Brasília (01/06/2017) – A quinta turma do Tribunal Regional Federal da 1ª Região decidiu por unanimidade que é legítima apreensão realizada pela fiscalização do IBAMA de caminhão usado para cometer infrações ambientais. A decisão reformou liminar concedida pela 2ª Vara Federal da Seção Judiciária de Sinop, no Mato Grosso, que havia devolvido aos proprietários o veículo, usado para transporte ilegal de madeira.

O relator do processo, Desembargador Federal Souza Prudente, aponta em seu voto que, embora o tribunal possua orientação jurisprudencial em consonância com o entendimento da 2ª Vara Federal de Sinop, inclusive em julgamentos de sua relatoria, nova reflexão sobre o tema permitiu constatar que não há qualquer abusividade na apreensão.

“É necessário que a orientação estabelecida a partir da jurisprudência deste Tribunal venha a representar firme e verdadeiro desestímulo à prática de atos atentatórios à natureza, firmando sua contribuição no sentido de refrear a escala ascendente de degradação do meio ambiente”, afirma Prudente em seu voto.

Para embasar sua argumentação, o Desembargador cita trechos da tese de doutorado “Crime sem Castigo: a efetividade da fiscalização ambiental para o controle do desmatamento ilegal na Amazônia”, do Analista Ambiental Jair Schmitt, ex-Coordenador-Geral de Fiscalização Ambiental do IBAMA e atual Diretor do Departamento de Florestas e Combate ao Desmatamento no Ministério do Meio Ambiente (MMA).

“Quando se apreende um trator que está sendo utilizado para extrair madeira ilegalmente da floresta, tal apreensão visa assegurar que o trator não venha a ser utilizado para continuar com a extração e perpetuar o dano ambiental.
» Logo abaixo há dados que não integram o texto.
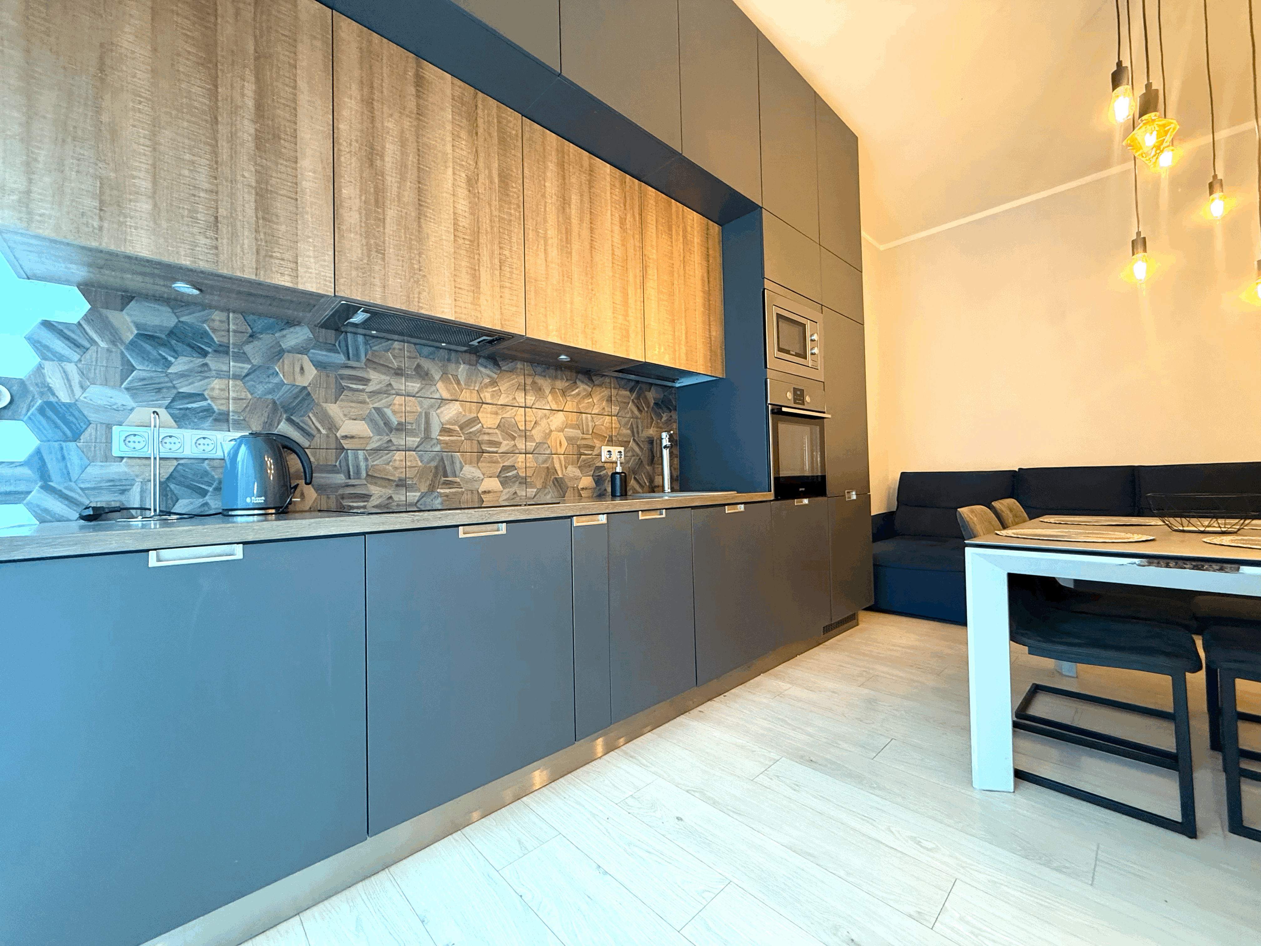 A modern and high-quality 3-room apartment is available for long-term rent in Āgenskalns, in the residential complex “Kalnciema Kvartāla Rezidences”, Valentīna Street 16.
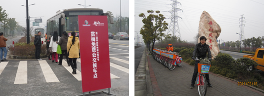 ? 賞梅免費公交深受游客歡迎????? ????????公共自行車臨時租借點

É uma forma de desprover o infrator de meios para continuar com a prática ilícita”, aponta um dos trechos da tese de Schmitt mencionados pelo magistrado. Prudente também pondera que “interpretações pró liberação do veículo terminam por esvaziar (desmoralizar) a atuação do órgão ambiental.”

Na decisão, a 5ª turma do TRF1 levou em consideração os princípios da precaução e da prevenção, do poluidor-pagador, da responsabilidade social e do desenvolvimento sustentável. Os Juízes Federais Rodrigo Navarro de Oliveira e Roberto Carlos de Oliveira acompanharam o voto do relator.

Assessoria de Comunicação do Ibama
imprensa@ibama.gov.br

(61) 3316-1015

Extraído do Portal do IBAMA.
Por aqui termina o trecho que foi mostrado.